However, until privacy is guaranteed by constitution, there will be always a temptation to make things easier by tying your personal id numbers to accounts.
Take away anonymity and the abusers will have a much easier time finding their victims (back). And/or the abused will need to forgo using social media.
I simply don't understand why governments in "free" countries feel that they need to meddle with every aspect of people's lives. I'm starting to think that it's better if things I like don't become popular, so that governments don't start meddling with them.
I'd also point out that increasingly companies are forcing such policies - using mobile phones - that in the end is the same result. That logging into many services require use of a mobile phone and/or a credit card. One might argue this is better than a government id/validation system, but in practice the government gets access to all the data anyway and now you have that friction and you've now distributed the data to multiple databases for whatever uses.
I'd prefer to not have either.
That there are significant problems in the world that might be improved upon with a lack of anonymity. Be that social media bullying, slander, the review 'industry' - or just the more dark aspects of human nature that anonymity allows - such as people getting the dopamine hit of attacking a person.
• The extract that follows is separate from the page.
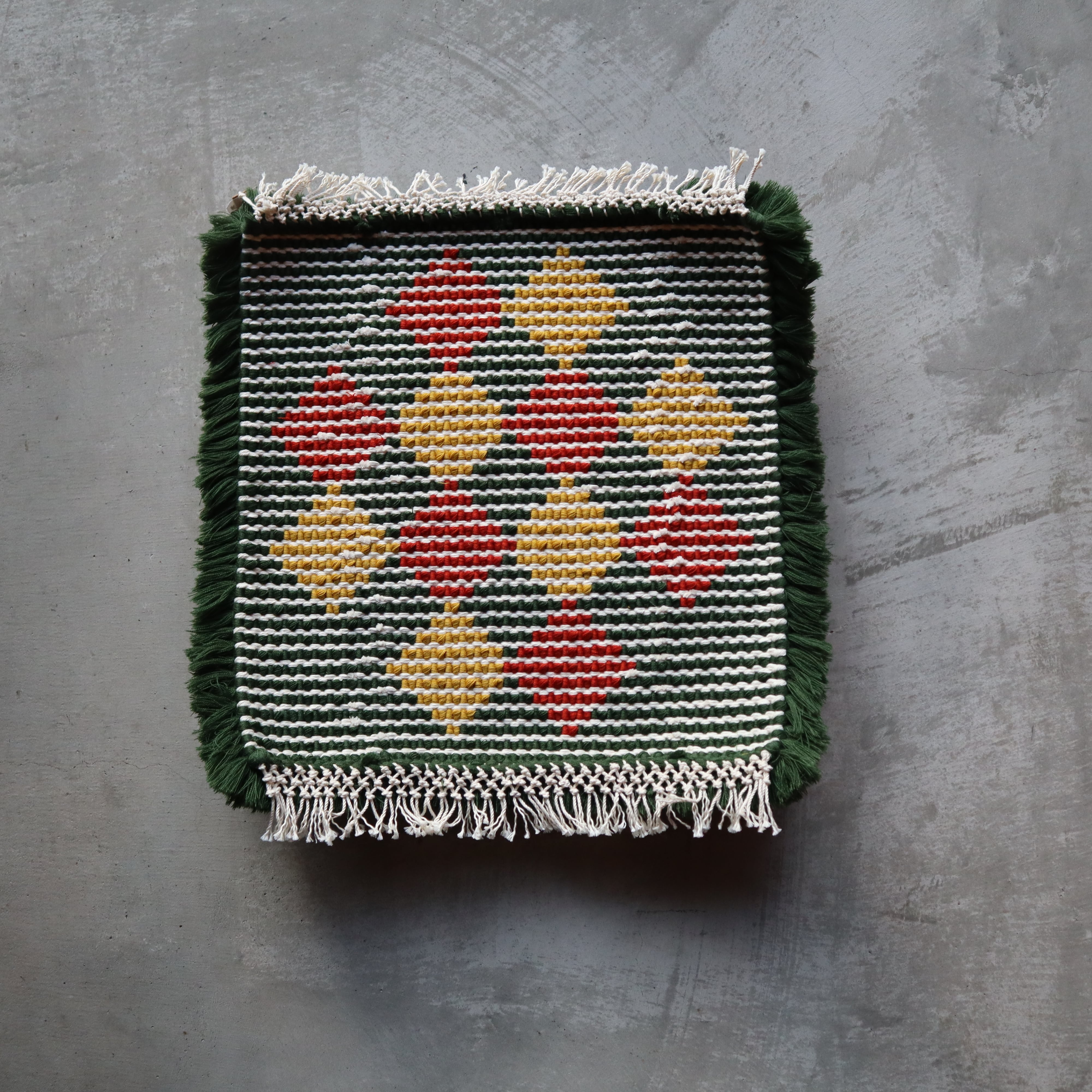 旅先の倉敷で偶然出会ったノッティングの椅子敷に魅了され、倉敷本染手織研究所に入所。卒業後も「健康で威張らず責任を持って仕事をする」を銘として地元和歌山で制作を続ける日々。

There are other things that anonymity allowed that are good - whistleblowers, people under restrictive regimes being able to communicate. Sometimes it's freeing to be able to say what you really think anonymously.
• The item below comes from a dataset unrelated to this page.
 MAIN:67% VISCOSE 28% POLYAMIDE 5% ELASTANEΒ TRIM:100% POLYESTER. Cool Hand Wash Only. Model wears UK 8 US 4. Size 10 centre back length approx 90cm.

So what to do? There probably isn't any one single answer. That many services will require your identity to use. Having a government ID system if correctly engineered and administored - that arguably actually might be preferable for some services.
There could be services services that allow anonymity. The distinction could be reach or some other mechanisms.
'Freedom' is an odd word as it is used in the US. I don't see people generally talking about it wrt companies requiring ID for example - and yes often there is no or little choice. If it's anything restrictive from the government then immediately it's a big deal. It's a weird kind of freedom - people are free to by cyber bullied, to be erroneously attacked and lose their jobs, to erode trust - from reviews, to news, to science and so forth. To erode democracy itself. That's apparently not a problem because we are 'free'. It doesn't make much sense to me.